American politician (1826–1885)

Henry A. Silver (June 10, 1826 – May 27, 1885) was an American politician and librarian from Maryland who served as a member of the Maryland House of Delegates, representing Harford County in 1856 and from 1865 to 1866.

==Early life==
Henry A. Silver was born on June 10, 1826, in Harford County, Maryland.

==Career==
Silver was a Know Nothing. Silver served as a member of the Maryland House of Delegates, representing Harford County in 1856 and from 1865 to 1866. Silver served as a vice president during the 1867 Maryland Constitutional Convention. In March 1868, Silver was appointed as librarian of the state of Maryland. In 1873, Silver ran for the Democratic nomination for the Maryland Senate, but lost. In 1874, Silver worked as the journal clerk of the Maryland House of Delegates.

Silver worked for the St. Louis, Missouri, railway mail service. At the time of his death, he was endorsed for promotion as superintendent of his department.

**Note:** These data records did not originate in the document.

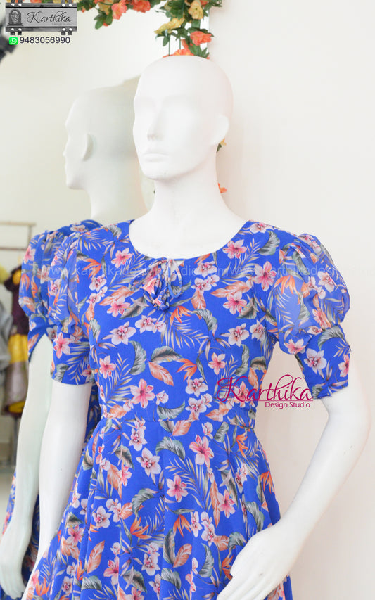 Royal blue floral georgette frock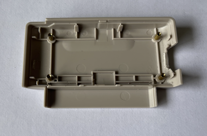 Existing cartridge shell looks like this inside. There's probably a 2-3 mm gap above the components on Lachlan's P2 board to the back surface, so enough room for a custom metal plate. It could also go though to the outside of the plastic at the back with fins in the worst case. But ideally it could retain the same external size for a cleaner look.
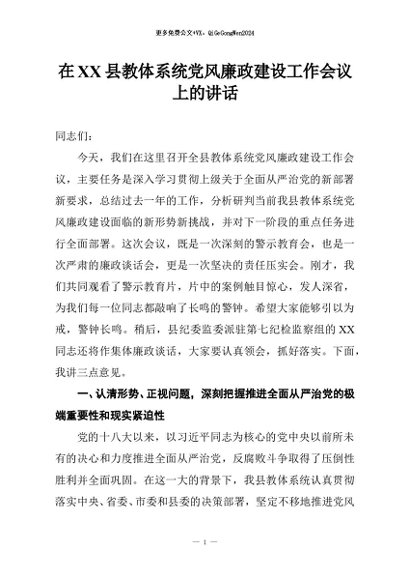 / 【七哥公文】2025年:在XX县教体系统党风廉政建设工作会议上的讲话+更多免费公文+VX:QiGeGongWen2024

In 1859, Silver was a member of the board of directors of the Conowingo Bridge Company.

==Personal life==
Silver married and had one son and three daughters, Edwin, Anna, Lizzie and May. His son Edwin A. Silver served as state's attorney in Jefferson City, Missouri, and was charged with the murder of a police officer.

Silver moved to Missouri later in life.

Silver died of apoplexy on May 27, 1885, in St. Louis. He was buried at Bellefontaine Cemetery in St. Louis.